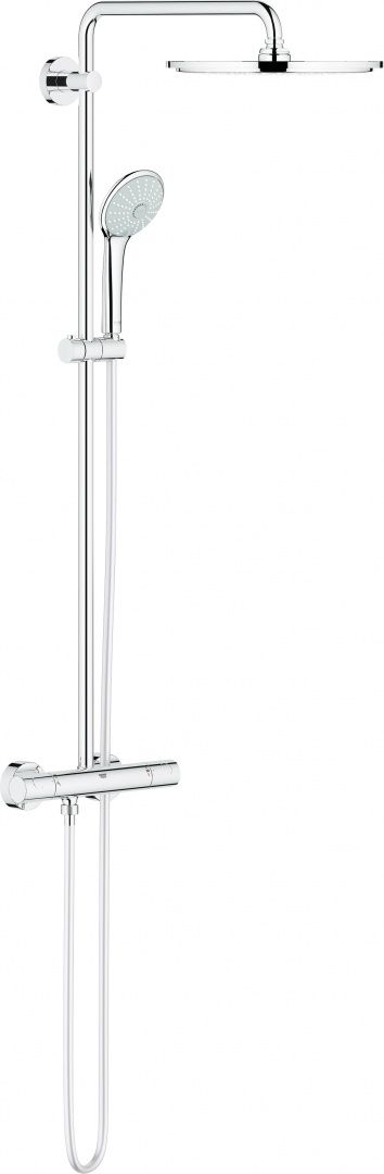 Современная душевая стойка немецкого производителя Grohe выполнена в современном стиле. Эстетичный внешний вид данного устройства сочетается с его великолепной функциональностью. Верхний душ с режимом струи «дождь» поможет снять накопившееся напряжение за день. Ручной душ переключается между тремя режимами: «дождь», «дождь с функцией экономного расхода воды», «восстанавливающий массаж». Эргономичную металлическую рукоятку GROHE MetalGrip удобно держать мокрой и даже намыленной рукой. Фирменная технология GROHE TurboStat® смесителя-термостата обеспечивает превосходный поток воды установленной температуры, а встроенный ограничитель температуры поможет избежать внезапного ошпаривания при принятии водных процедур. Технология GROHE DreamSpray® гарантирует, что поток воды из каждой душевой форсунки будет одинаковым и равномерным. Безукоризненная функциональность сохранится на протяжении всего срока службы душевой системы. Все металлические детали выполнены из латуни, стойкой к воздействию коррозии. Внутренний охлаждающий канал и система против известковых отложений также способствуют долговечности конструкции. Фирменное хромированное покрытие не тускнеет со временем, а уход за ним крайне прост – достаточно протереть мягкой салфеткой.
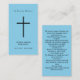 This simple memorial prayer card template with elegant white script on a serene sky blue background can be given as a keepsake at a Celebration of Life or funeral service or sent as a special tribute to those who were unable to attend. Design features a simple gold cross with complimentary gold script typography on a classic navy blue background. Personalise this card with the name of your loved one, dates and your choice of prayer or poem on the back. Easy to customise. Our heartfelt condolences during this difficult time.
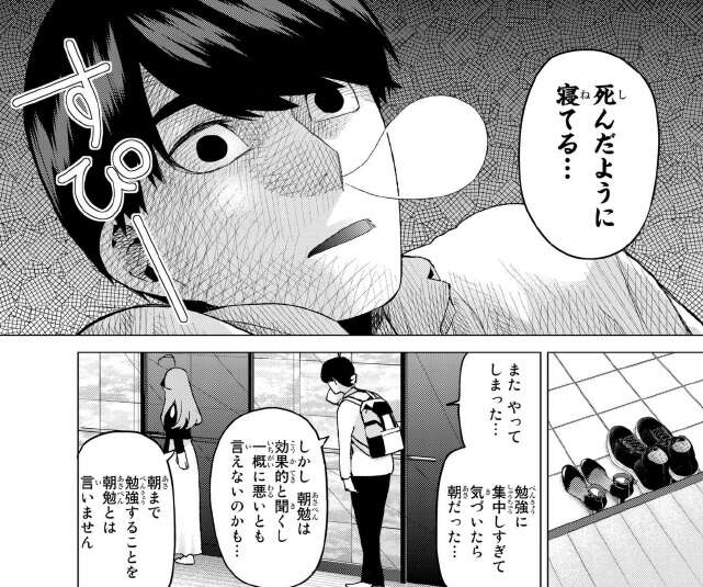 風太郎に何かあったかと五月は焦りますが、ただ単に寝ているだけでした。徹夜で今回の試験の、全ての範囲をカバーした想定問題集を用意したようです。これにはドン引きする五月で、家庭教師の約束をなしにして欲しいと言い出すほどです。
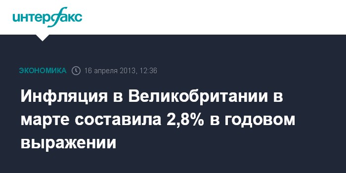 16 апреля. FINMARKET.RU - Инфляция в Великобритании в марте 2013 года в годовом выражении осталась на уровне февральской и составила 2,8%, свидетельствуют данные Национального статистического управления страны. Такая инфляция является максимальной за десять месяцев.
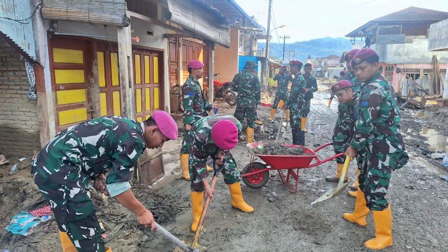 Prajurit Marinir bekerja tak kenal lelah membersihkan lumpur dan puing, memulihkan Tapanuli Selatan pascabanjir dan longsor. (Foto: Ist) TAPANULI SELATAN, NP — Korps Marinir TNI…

-.-.-

● **ACTIVITY**: All of the data needs repeating exactly, but the pictures do not.

● **REPLY**:
 Современная душевая стойка немецкого производителя Grohe выполнена в современном стиле. Эстетичный внешний вид данного устройства сочетается с его великолепной функциональностью. Верхний душ с режимом струи «дождь» поможет снять накопившееся напряжение за день. Ручной душ переключается между тремя режимами: «дождь», «дождь с функцией экономного расхода воды», «восстанавливающий массаж». Эргономичную металлическую рукоятку GROHE MetalGrip удобно держать мокрой и даже намыленной рукой. Фирменная технология GROHE TurboStat® смесителя-термостата обеспечивает превосходный поток воды установленной температуры, а встроенный ограничитель температуры поможет избежать внезапного ошпаривания при принятии водных процедур. Технология GROHE DreamSpray® гарантирует, что поток воды из каждой душевой форсунки будет одинаковым и равномерным. Безукоризненная функциональность сохранится на протяжении всего срока службы душевой системы. Все металлические детали выполнены из латуни, стойкой к воздействию коррозии. Внутренний охлаждающий канал и система против известковых отложений также способствуют долговечности конструкции. Фирменное хромированное покрытие не тускнеет со временем, а уход за ним крайне прост – достаточно протереть мягкой салфеткой.
 This simple memorial prayer card template with elegant white script on a serene sky blue background can be given as a keepsake at a Celebration of Life or funeral service or sent as a special tribute to those who were unable to attend. Design features a simple gold cross with complimentary gold script typography on a classic navy blue background. Personalise this card with the name of your loved one, dates and your choice of prayer or poem on the back. Easy to customise. Our heartfelt condolences during this difficult time.
 風太郎に何かあったかと五月は焦りますが、ただ単に寝ているだけでした。徹夜で今回の試験の、全ての範囲をカバーした想定問題集を用意したようです。これにはドン引きする五月で、家庭教師の約束をなしにして欲しいと言い出すほどです。
 16 апреля. FINMARKET.RU - Инфляция в Великобритании в марте 2013 года в годовом выражении осталась на уровне февральской и составила 2,8%, свидетельствуют данные Национального статистического управления страны. Такая инфляция является максимальной за десять месяцев.
 Prajurit Marinir bekerja tak kenal lelah membersihkan lumpur dan puing, memulihkan Tapanuli Selatan pascabanjir dan longsor. (Foto: Ist) TAPANULI SELATAN, NP — Korps Marinir TNI…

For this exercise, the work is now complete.